Una Oportunidad para Transformar la República Dominicana

Una Oportunidad para Transformar la República Dominicana

Durante años, ningún gobierno ha tenido el coraje de enfrentar los desórdenes institucionales que se han normalizado en la vida de los dominicanos.

No solo se trata de problemas históricos, sino que constantemente surgen nuevos que también se aceptan como parte de la cotidianidad.

Hemos permitido que muchas distorsiones se conviertan en modos de vida y mecanismos de presión.

Cuando el problema se vuelve inmanejable, se recurre al argumento de dejar las cosas como están. Aquí algunos ejemplos.

El caos en el tránsito empeora diariamente debido a medidas temporales y la falta de aplicación estricta de la Ley 63-17. Lo mismo ocurre con la ocupación ilegal de espacios públicos.

Cualquiera puede apropiarse de una acera, instalarse en una vía pública, construir en la margen de un río o establecer una parada de vehículos sin consecuencias.

Incluso, aquellos con poder político o económico pueden adueñarse de partes de playas o ríos sin temor a repercusiones.

La lista de anormalidades que se han vuelto normales es extensa.

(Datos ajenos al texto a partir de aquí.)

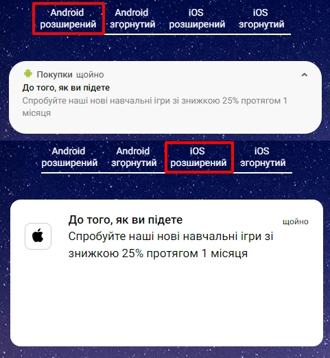 - Текст повідомлення: Спробуйте наші нові навчальні ігри зі знижкою 25% протягом 1 місяця.

El problema radica en el costo político. Durante años, la clase política ha explotado el desorden, la pobreza y la presión de ciertos grupos.

Se ha aceptado que ciertas prácticas deben tolerarse porque quienes las realizan son padres de familia, como si su condición justificara su comportamiento.

En el caso del presidente Luis Abinader, se presenta una oportunidad para corregir algunas de estas distorsiones. Le quedan dos años de mandato y no buscará la reelección.

Este tiempo debería utilizarse para diseñar y ejecutar un plan de organización nacional. Lo que requiera nuevas leyes debe pasar por el Congreso; lo que pueda resolverse administrativamente debería comenzar de inmediato.

¿Por qué el presidente Abinader? Porque, en teoría, no estaría condicionado por cálculos electorales.